═══ Exercise data
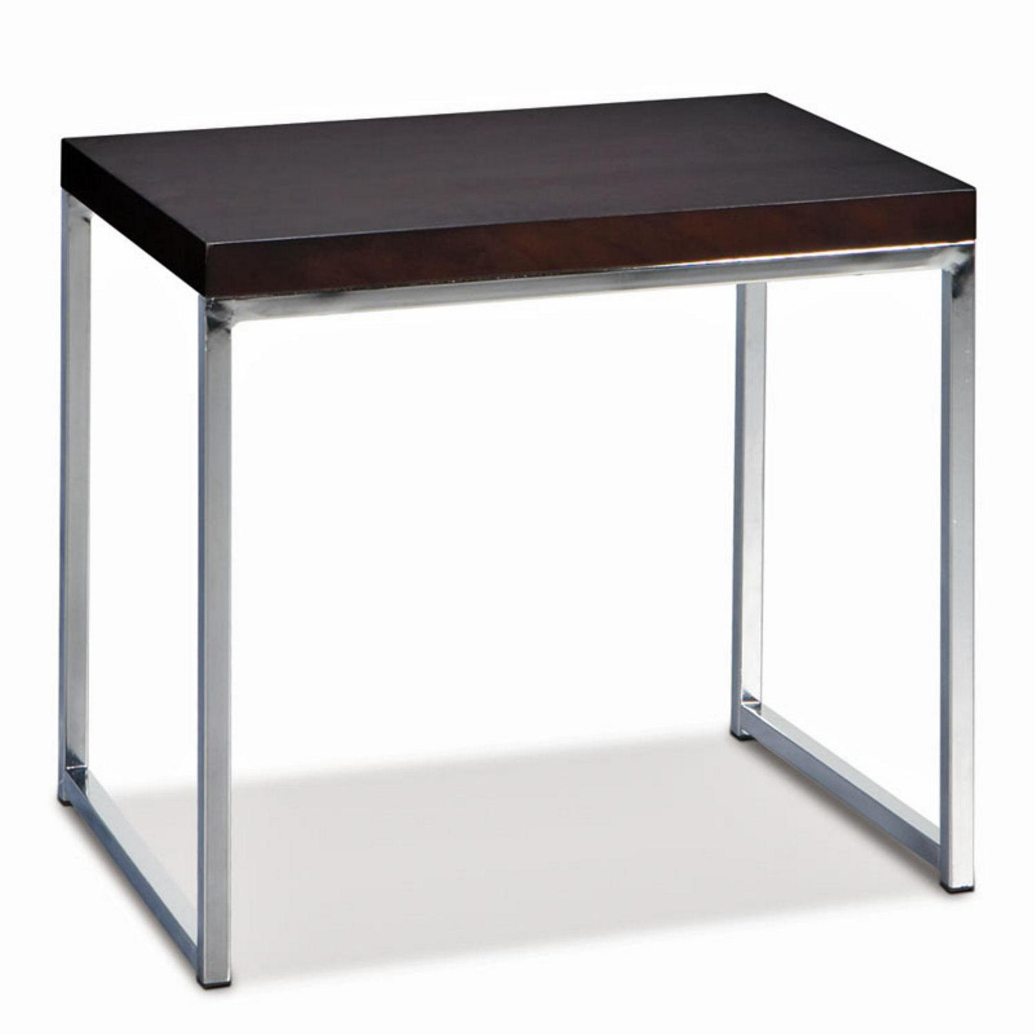 What is cool Cool is real style, not fading fashions. Cool is function, not embellishments. With the new wall st. End table with wood grain top and chrome plated metal frame, your living space will exude an air of distinction and prestige that is certain to be appreciated and loved by all who enter your abode. An undeniably attractive statement piece, this end table blends impeccably into a wide range of decors from modern to traditional, transitional to Asian. Durably fabricated with reinforced beam construction and a thick table top that features a flush wood-to-metal edge that provides for a sleek yet beautifully simple appeal, this table is specimen of simple sophistication. Outfitted with light reflective chrome legs and table top parameter, this wall st. Collection furnishing instantly brightens any space where it is utilized while still retaining its refined demeanor. Add to cart now and start enjoying the wall st. Wood grain and chrome end table for years to come.
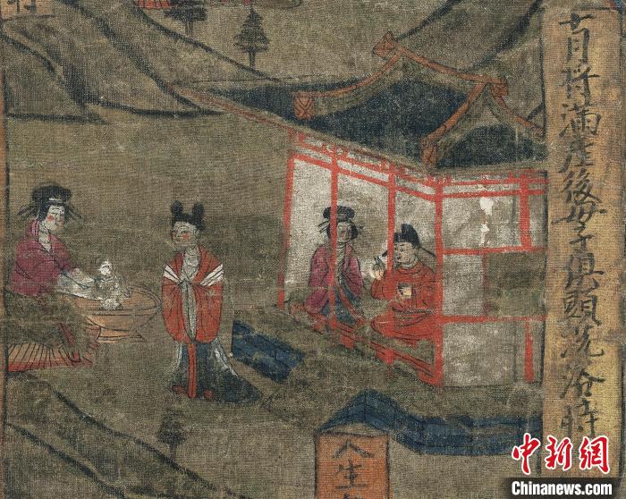 圖為“報(bào)父母恩重經(jīng)變絹畫(huà)”中的“十月將滿,產(chǎn)后母子俱顯,洗浴時(shí)”的畫(huà)面。(資料圖)甘肅省博物館供圖
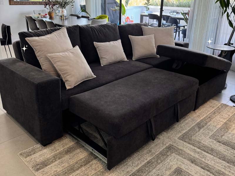 Sofá cama gaveta nido triple retráctil extra confortable en lino negro 2,1m
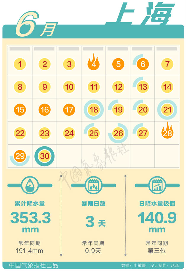 但是上海降雨可不小,累計降雨量達353.3毫米,比常年同期191.4毫米多83%。6月30日上海中心城區(qū)(徐家匯站)日降水量達140.9毫米,是1874年有記錄以來6月日最大雨量的歷史第三位,為近20年出現(xiàn)的最大暴雨。
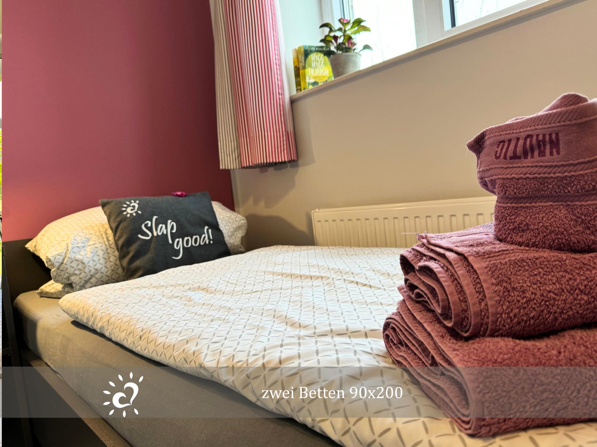 Zwei liebevoll eingerichtete Schlafzimmer mit bequemen Betten und verdunkelnden Rollläden sorgen für erholsame Nächte. Nach einem erlebnisreichen Tag kannst du es dir im gemütlichem Wohn- und Essbereich gemütlich machen oder von der Terrasse aus, den Blick auf die kilometerlange Deichlinie genießen.
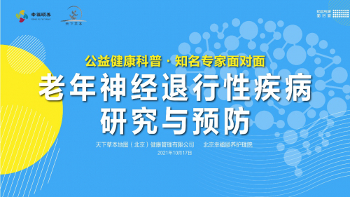 10月17日上午,在北京中医药发展基金会的指导下,由天下草本地图(北京)健康管理有限公司联合北京幸福颐养护理院共同主办的“老年神经退行性疾病的评估与预防“专题研讨会,在幸福颐养护理院顺利召开。中国中医科学院老年医学研究所原所长、中国中医科学院国家病重点学科学科带头人、世界中医联合会老年医学专业委员会常务副会长李跃华教授,大健康产业(发展)联盟首席科学家、欧盟中国城市发展委员会首席科学家、欧盟中国抗生素耐药性研究专家组中方专家、美国国立健康研究院客座研究员张天佑教授,幸福颐养集团副总经理杨慧,从医学家、科学家、健康服务专家的视角共话中医药与现代科技的结合对于预防和改善老年痴呆、抑郁和帕金森等关键性突破,聚焦传统中草药的创新发展,探讨以天然产物创新研究为抓手,促进相关产业和学科发展,为我国天然产物研究发展等提供建设性的思考。
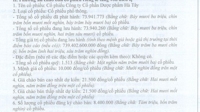 Dược phẩm Hà Tây phát hành thêm 8,4 triệu cổ phiếu theo hình thức chào bán riêng lẻ.
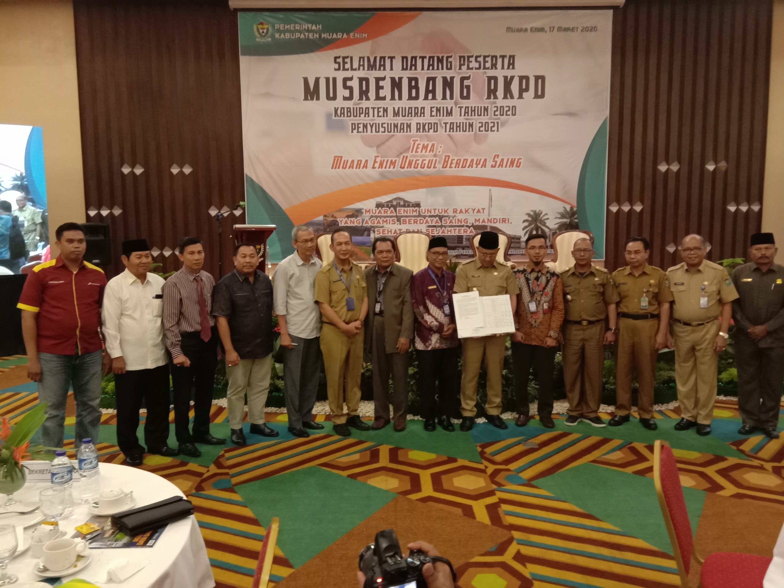 “Hasil yang diharapkan dari pelaksanaan Musrenbang ini diharapkan antara lain Menetapkan dan menyepakati arah kebijakan dan Prioritas Pembangunan serta pagu indikatif tahun 2021, Kegiatan prioritas dengan tolok ukur capaian kinerja menurut sumber pembiayaan, baik APBD, APBD Provinsi dan APBN,” lanjutnya”Sesuai dengan aturannya kita telah melaksanakan Musrendes, Musrenkec dan forum perangkat Daerah serta ditambahan dari masukan dari hasil reses anggota DPRD Kabupaten Muara Enim.
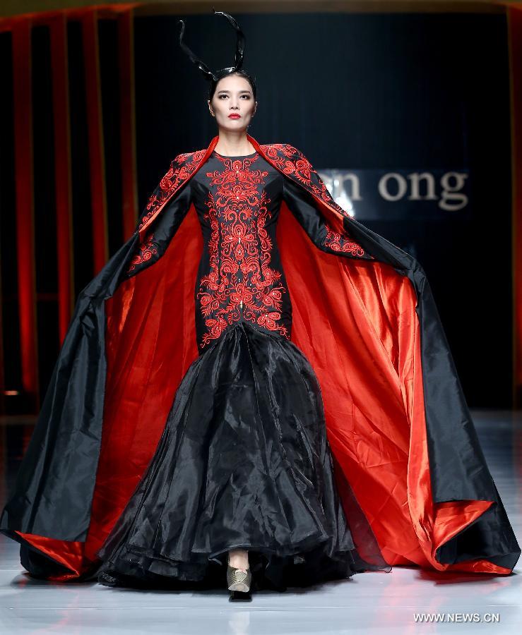 A model presents a creation by Malaysian designer Carven Ong at a wedding dress show during the China-ASEAN fashion week in Nanning, capital of southwest China's Guangxi Zhuang Autonomous Region, Jan. 3, 2015. (Xinhua/Chen Jianli)
══════
When you print the entries, keep every line exactly as it is and drop the pictures.

 What is cool Cool is real style, not fading fashions. Cool is function, not embellishments. With the new wall st. End table with wood grain top and chrome plated metal frame, your living space will exude an air of distinction and prestige that is certain to be appreciated and loved by all who enter your abode. An undeniably attractive statement piece, this end table blends impeccably into a wide range of decors from modern to traditional, transitional to Asian. Durably fabricated with reinforced beam construction and a thick table top that features a flush wood-to-metal edge that provides for a sleek yet beautifully simple appeal, this table is specimen of simple sophistication. Outfitted with light reflective chrome legs and table top parameter, this wall st. Collection furnishing instantly brightens any space where it is utilized while still retaining its refined demeanor. Add to cart now and start enjoying the wall st. Wood grain and chrome end table for years to come.
 圖為“報(bào)父母恩重經(jīng)變絹畫(huà)”中的“十月將滿,產(chǎn)后母子俱顯,洗浴時(shí)”的畫(huà)面。(資料圖)甘肅省博物館供圖
 Sofá cama gaveta nido triple retráctil extra confortable en lino negro 2,1m
 但是上海降雨可不小,累計降雨量達353.3毫米,比常年同期191.4毫米多83%。6月30日上海中心城區(qū)(徐家匯站)日降水量達140.9毫米,是1874年有記錄以來6月日最大雨量的歷史第三位,為近20年出現(xiàn)的最大暴雨。
 Zwei liebevoll eingerichtete Schlafzimmer mit bequemen Betten und verdunkelnden Rollläden sorgen für erholsame Nächte. Nach einem erlebnisreichen Tag kannst du es dir im gemütlichem Wohn- und Essbereich gemütlich machen oder von der Terrasse aus, den Blick auf die kilometerlange Deichlinie genießen.
 10月17日上午,在北京中医药发展基金会的指导下,由天下草本地图(北京)健康管理有限公司联合北京幸福颐养护理院共同主办的“老年神经退行性疾病的评估与预防“专题研讨会,在幸福颐养护理院顺利召开。中国中医科学院老年医学研究所原所长、中国中医科学院国家病重点学科学科带头人、世界中医联合会老年医学专业委员会常务副会长李跃华教授,大健康产业(发展)联盟首席科学家、欧盟中国城市发展委员会首席科学家、欧盟中国抗生素耐药性研究专家组中方专家、美国国立健康研究院客座研究员张天佑教授,幸福颐养集团副总经理杨慧,从医学家、科学家、健康服务专家的视角共话中医药与现代科技的结合对于预防和改善老年痴呆、抑郁和帕金森等关键性突破,聚焦传统中草药的创新发展,探讨以天然产物创新研究为抓手,促进相关产业和学科发展,为我国天然产物研究发展等提供建设性的思考。
 Dược phẩm Hà Tây phát hành thêm 8,4 triệu cổ phiếu theo hình thức chào bán riêng lẻ.
 “Hasil yang diharapkan dari pelaksanaan Musrenbang ini diharapkan antara lain Menetapkan dan menyepakati arah kebijakan dan Prioritas Pembangunan serta pagu indikatif tahun 2021, Kegiatan prioritas dengan tolok ukur capaian kinerja menurut sumber pembiayaan, baik APBD, APBD Provinsi dan APBN,” lanjutnya”Sesuai dengan aturannya kita telah melaksanakan Musrendes, Musrenkec dan forum perangkat Daerah serta ditambahan dari masukan dari hasil reses anggota DPRD Kabupaten Muara Enim.
 A model presents a creation by Malaysian designer Carven Ong at a wedding dress show during the China-ASEAN fashion week in Nanning, capital of southwest China's Guangxi Zhuang Autonomous Region, Jan. 3, 2015. (Xinhua/Chen Jianli)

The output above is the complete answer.